═══ Data ═══
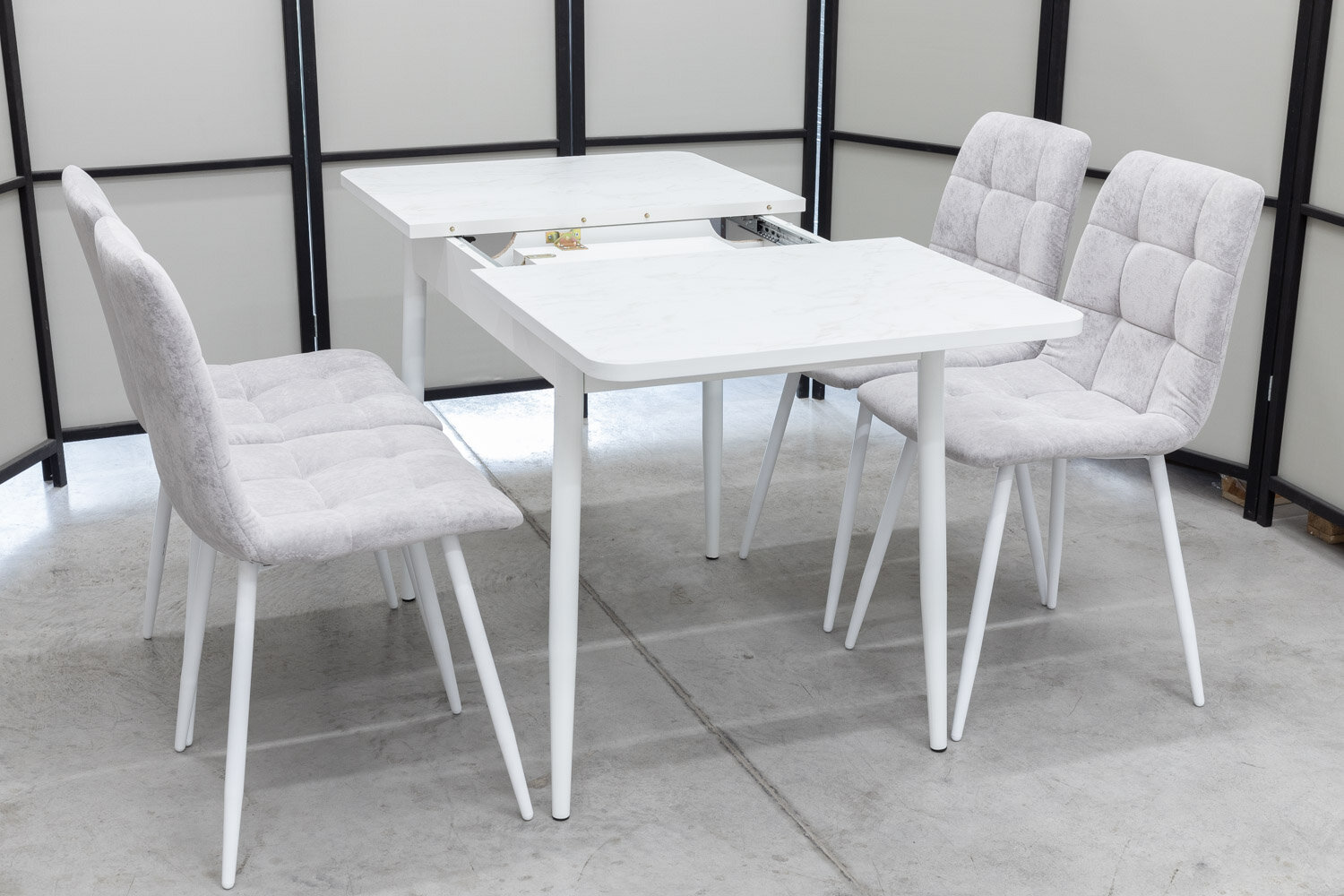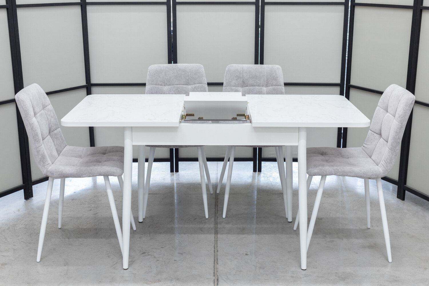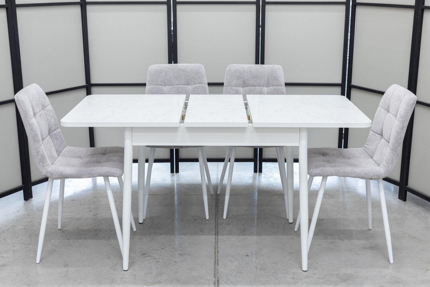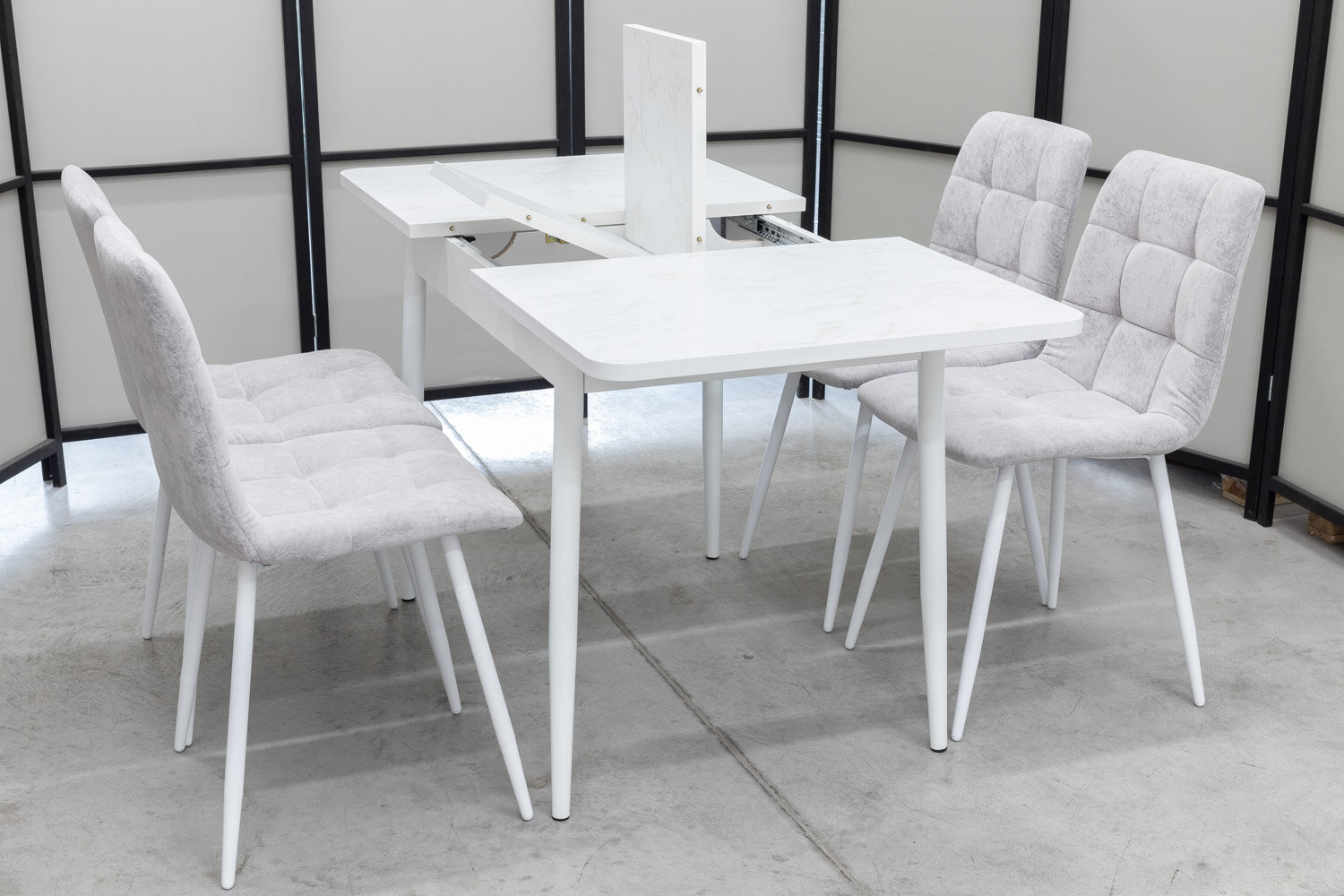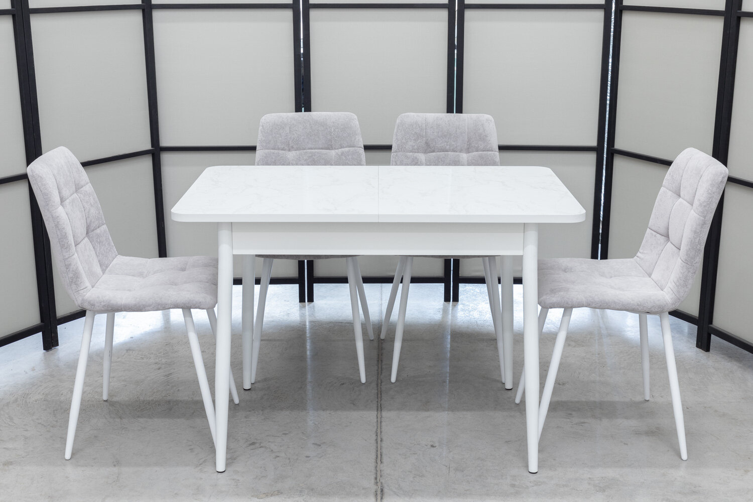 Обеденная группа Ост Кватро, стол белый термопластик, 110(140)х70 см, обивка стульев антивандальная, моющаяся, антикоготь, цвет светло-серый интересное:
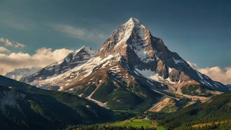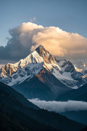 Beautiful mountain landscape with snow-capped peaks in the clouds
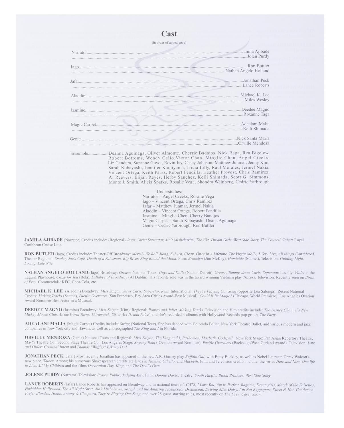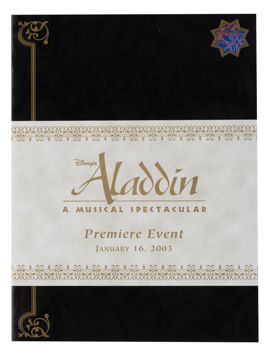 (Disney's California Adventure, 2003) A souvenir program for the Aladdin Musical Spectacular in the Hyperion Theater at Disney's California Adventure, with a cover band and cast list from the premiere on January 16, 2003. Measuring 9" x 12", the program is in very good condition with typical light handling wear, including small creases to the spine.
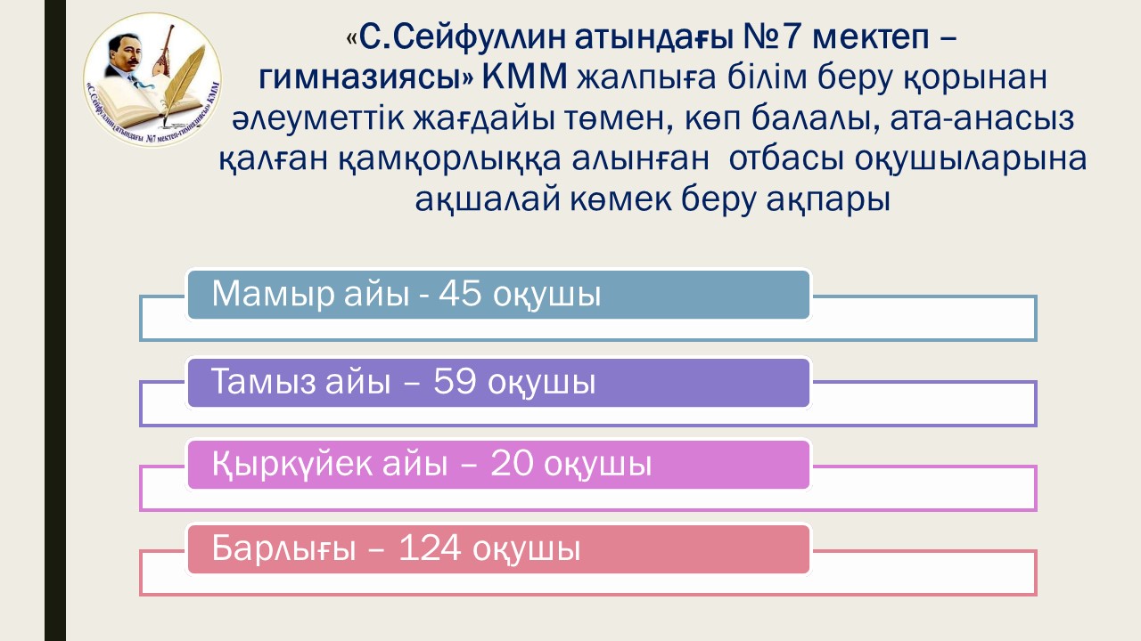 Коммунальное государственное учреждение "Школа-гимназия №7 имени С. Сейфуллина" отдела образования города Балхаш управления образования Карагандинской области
═══
*Exercise description*.
The lines running from the beginning of the listing above through the line that holds "(Disney's California Adventure, 2003)" are to be duplicated exactly, both ends kept, pictures omitted.

*Exercise result*.
 Обеденная группа Ост Кватро, стол белый термопластик, 110(140)х70 см, обивка стульев антивандальная, моющаяся, антикоготь, цвет светло-серый интересное:
 Beautiful mountain landscape with snow-capped peaks in the clouds
 (Disney's California Adventure, 2003) A souvenir program for the Aladdin Musical Spectacular in the Hyperion Theater at Disney's California Adventure, with a cover band and cast list from the premiere on January 16, 2003. Measuring 9" x 12", the program is in very good condition with typical light handling wear, including small creases to the spine.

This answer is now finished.